1. Perfection in Generosity, Giving (Liberality)
2. Perfection in Morality (Conduct)
3. Perfection in Renunciation
4. Perfection in Wisdom
5. Perfection in Diligence (Industrious)
6. Perfection in Patience (Forbearance)
7. Perfection in Truthfulness
8. Perfection in Resolution (Determination, Purpose)
9. Perfection in Loving-Kindness
10. Perfection in Equanimity

This is the traditional listing of the paramitas. Just as the Buddha taught that appamada—energetic, mindful care—contains all of his teachings, dana—generosity in thought, word, and deed—is said to contain all of the other practices of perfection. The practice of generosity dissolves judgmental thinking, opens the heart and mind, and brings us peace and happiness. It is a specific antidote for fear, depression, and anxiety.
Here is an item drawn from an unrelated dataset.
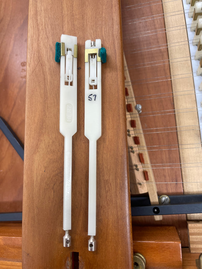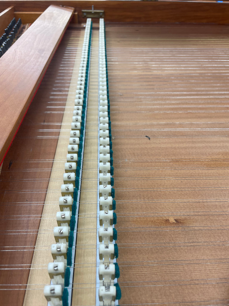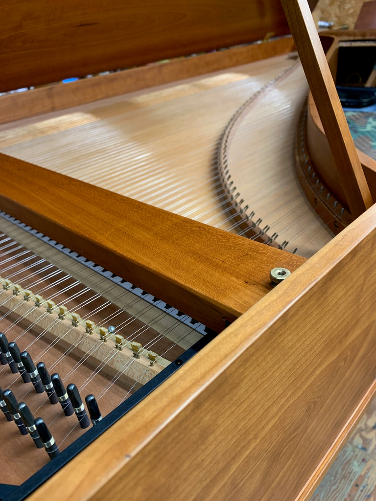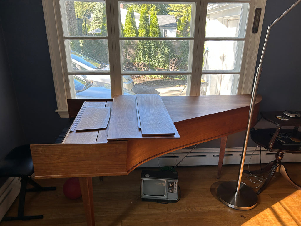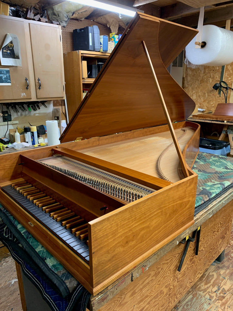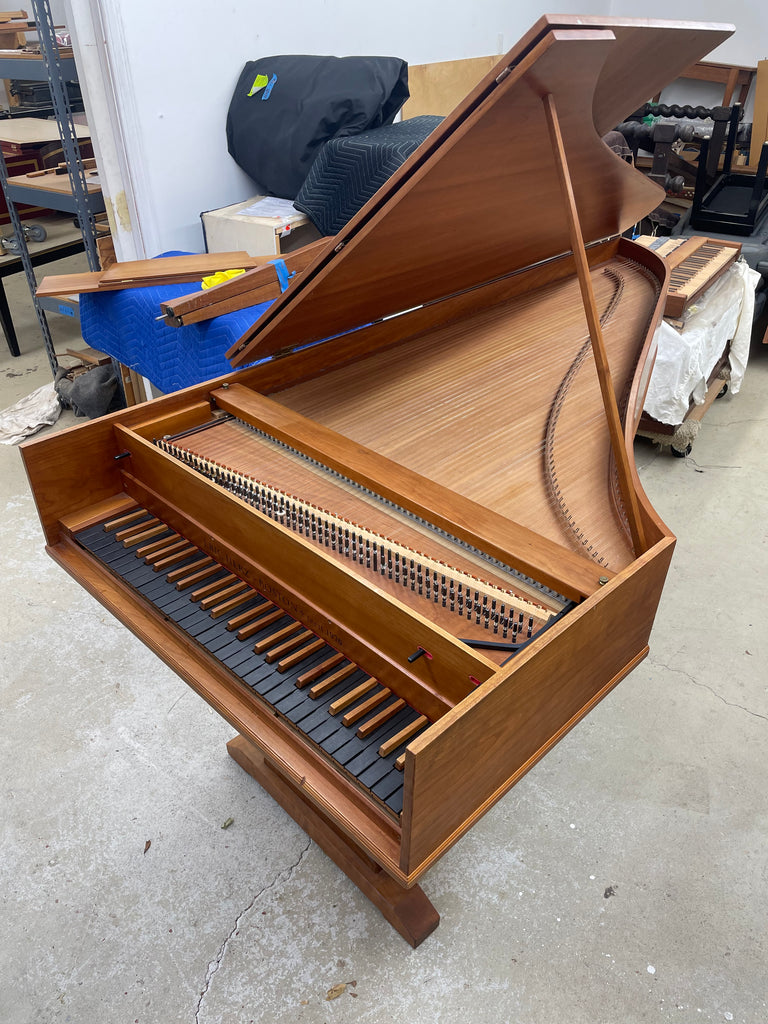Eric Herz German single - Model S - shop built in 1976.  AA- f"' transposing 8'8' with buff stop.  Case of hand rubbed/ waxed cherry with keyboard of ebony with cherry sharps.  Rebuilding in progress 11/25 in our shop.  These photos show the instrument in arrival condition- tapered straight leg stand included, and two photos of a recently completed rebuild.  With full kit; optional cover.  Available 90 days from contract and offered at $8900.

As we pay mindful attention in each moment we discover myriad ways to offer our generosity. It is not confined to giving money, but includes the willingness to stop, to listen, to genuinely meet others with openness and compassion. If we believe we are expected to give “until it hurts,” or somehow sacrifice ourselves we are mistaken; it is only possible to offer what we can freely provide. The key is mindfulness in this activity as in all things. In this way our horizons fall away and we discover the intimate secret that there is no difference between giving and receiving, nothing that is given and received, no boundary between us as givers or receivers. This is truly the greatest gift of all.

Just as we practice entering present moment experience of life as it is through zazen, we experience the expansion of our limitations and break the confinement of our perceived horizons through the practice of generosity. We discover the many subtle and pervasive expectations or requirements we attach to our generosity. Often this is revealed in our sense of disappointment at the response to what we think of as a “generous” impulse. Yet to practice generosity with even the least or most subtle expectations or requirements is to defeat ourselves. This matter merits deep study.
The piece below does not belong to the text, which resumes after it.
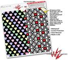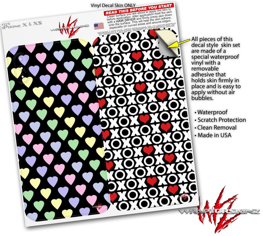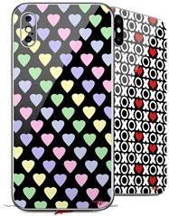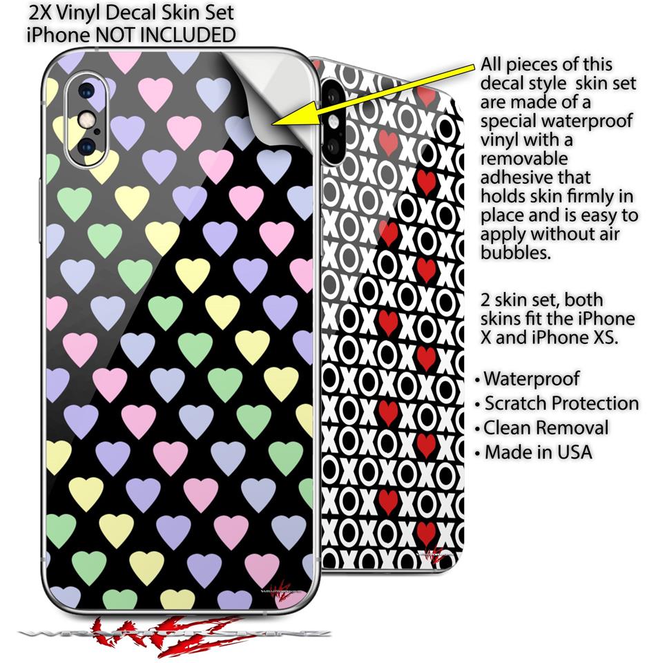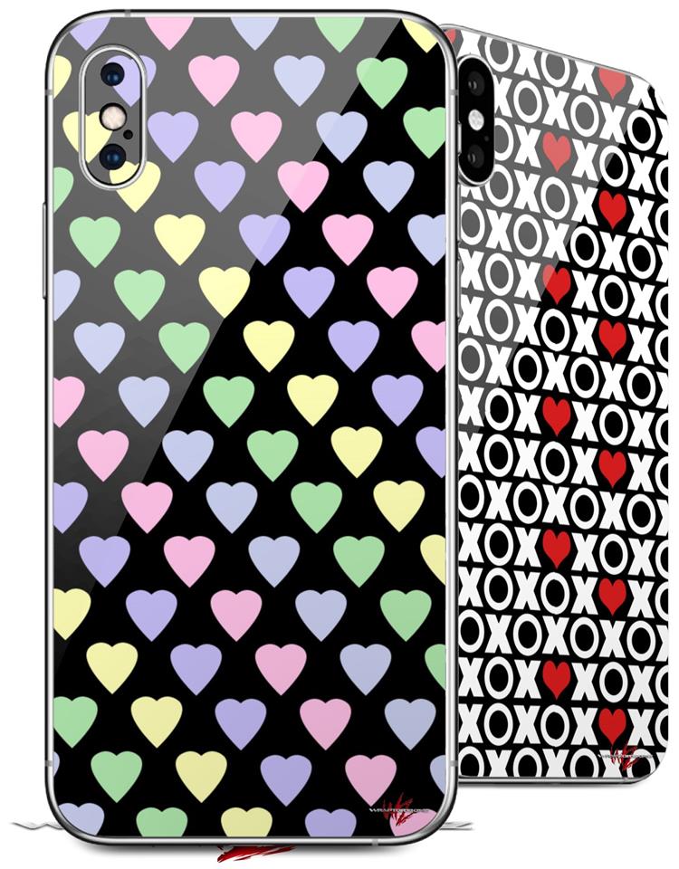 2 Decal style Skin Wraps set compatible with Apple iPhone X and XS Pastel Hearts on Black

Just as we return, time after time, to present moment experience after drifting away in zazen, we can continue to practice generosity in large and small ways, over and over, noticing the subtle ways we become hooked by our own expectations. We may imagine we “want nothing in return,” but still be caught by our own need to see ourselves as a “good person,” a “kind person,” a “giving person.” We must be careful not to judge ourselves unkindly for having such expectations, nor should we avoid opportunities to express generosity because we recognize our hidden agendas. Rather the practice of dana becomes an opportunity for exploration and discovery of our very humanness, our vulnerabilities, and our connections with each other.
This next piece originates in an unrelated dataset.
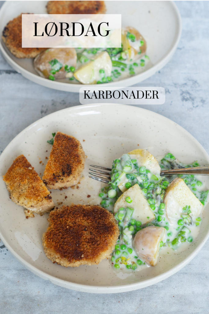 Lørdag: I weekenden kan I glæde jer til noget gammeldaws mormormad, nemlig karbonader med kartofler og hvid sauce med ærter og asparges.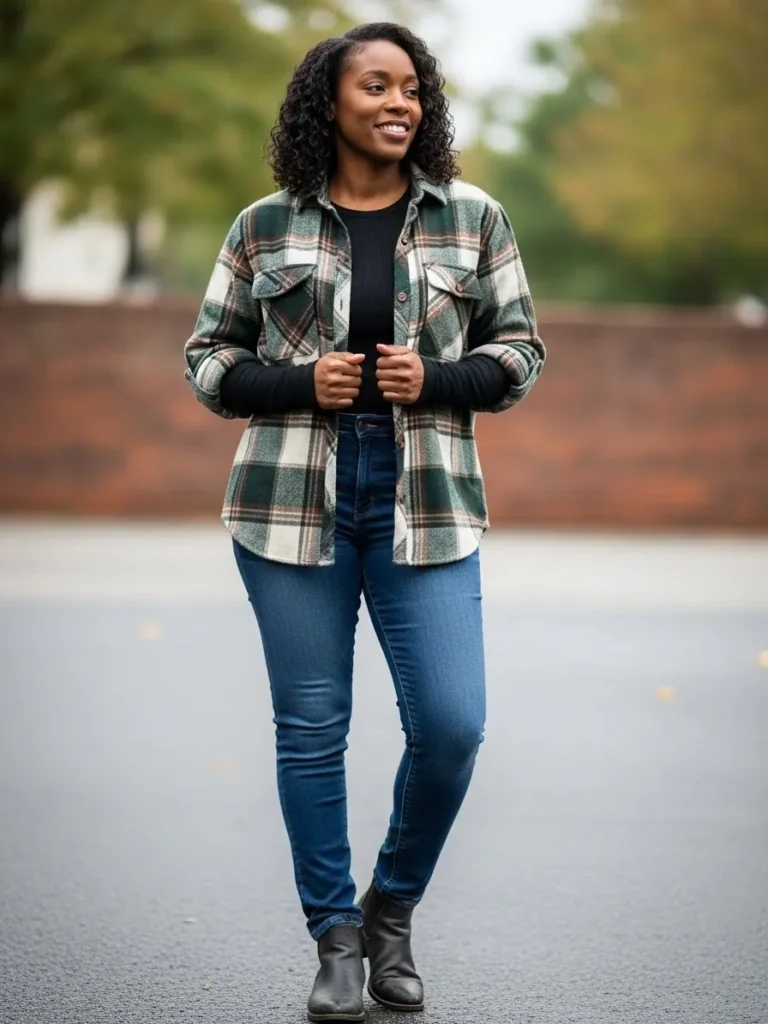 This outfit features a classic green and cream plaid shirt jacket layered over a fitted black long sleeve top and dark blue skinny jeans. Black ankle boots ground the look and give it a clean fall finish that feels casual and easy.

Generosity is a fundamentally relational activity: it cannot be practiced alone. It establishes connections that are conduits for energy, imagination, care, appreciation, support, encouragement, and attention. True relationality is imbued with generosity that cannot help but flow both ways, and even ripple outward beyond the immediate occasion and circumstances of giving. It actually permeates the entire universe, perfuming it with our highest aspirations. Furthermore, as we become more attentive, we cannot help but notice the vast network of generosity in which our entire lives have been supported and nourished. Our hearts are opened and a profound appreciation naturally flows through us freely finding new expressions in our own generosity. Welcome to the world of abundance, the world of unceasing, universal dana, the whole-hearted expression of appamada.